Leisure

Black Iron Pizza a lukewarm burnout

March 26, 2015


As a senior with roots in New York City, I’m a huge pizza fan—I could eat the stuff all day. Unsurprisingly, I was pretty excited to try Black Iron Pizza, one of DC’s newest pizza spots, and see if it captured the heart of someone whose early culinary education was in the Mecca of cheap, greasy Italian eats. Despite Black Iron’s elegant website and seemingly gourmet menu, nothing appeared to be especially striking as I entered the shop’s location several blocks from the White House. The cashier was friendly, the concrete and steel decor was modern, the place was fairly clean and tidy—everything seemed pretty average.

We walked up to the counter and placed our orders: a traditional margherita pizza, a pizza al taglio, with pesto, mushroom, eggplant, artichoke, roasted tomato, and ricotta; and a prosciutto e fungi pizza, with vodka sauce, mushrooms, prosciutto, and mozzarella. The restaurant also featured a “make your own pizza” bar—a pizza Chipotle, if you will—that included toppings diverse enough for any picky eater.

For a fairly simple dish, the margherita pizza was a disappointing, unevenly cooked take on an old classic. As much as I typically love mozzarella, the sheer quantity of oily cheese made me feel like I was choking down Elmer’s glue.

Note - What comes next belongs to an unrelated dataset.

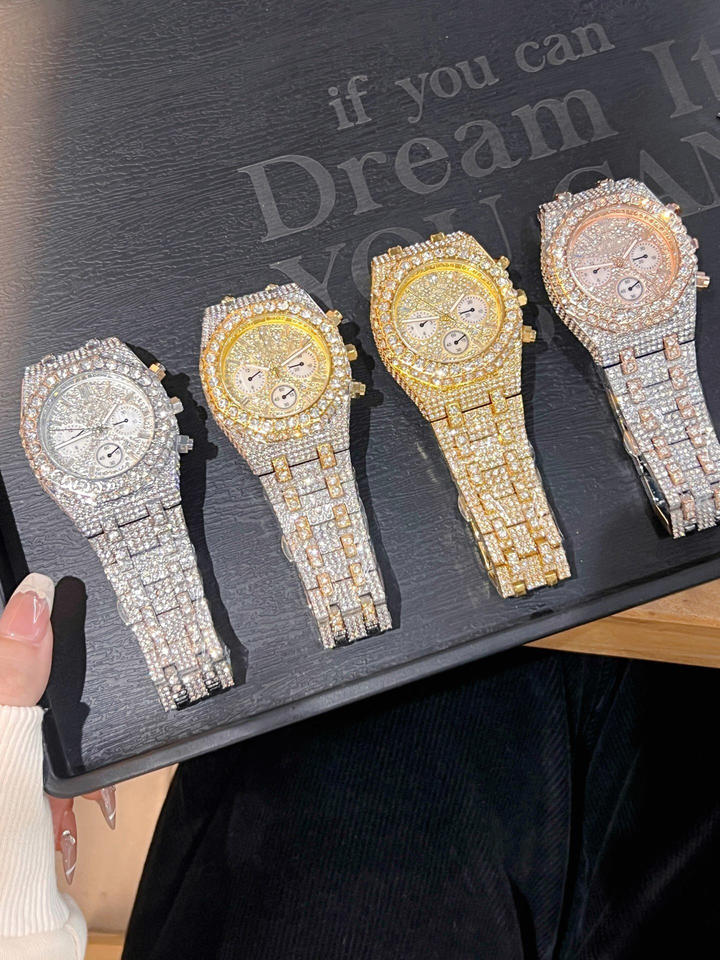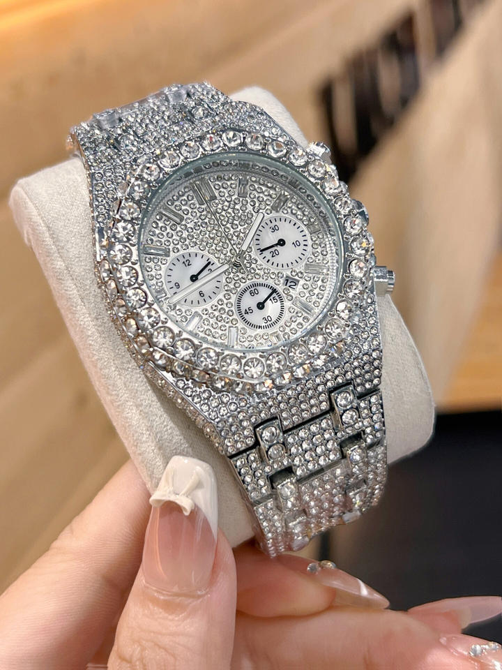 Orologio da Polso Hip Hop Bling Diamantato da Uomo 2026, Lusso Argento Iced Out, al Quarzo, Impermeabile, alla Moda - Offerta Calda

The prosciutto e fungi pizza was better, but left a little to be desired. The crust was pleasantly doughy and just chewy enough but the vodka sauce was over-sugared and over-salted. Furthermore, the mushrooms were strangely tough, and the small amount of prosciutto, though tasty, did not nearly justify the cost.

The pizza al taglio was, without a doubt, the best item we ordered. While it could have benefitted from more seasoning, the juicy roasted tomatoes complemented the thick, rich ricotta cheese surprisingly well, and the oily pesto sauce provided just the right garlicky kick.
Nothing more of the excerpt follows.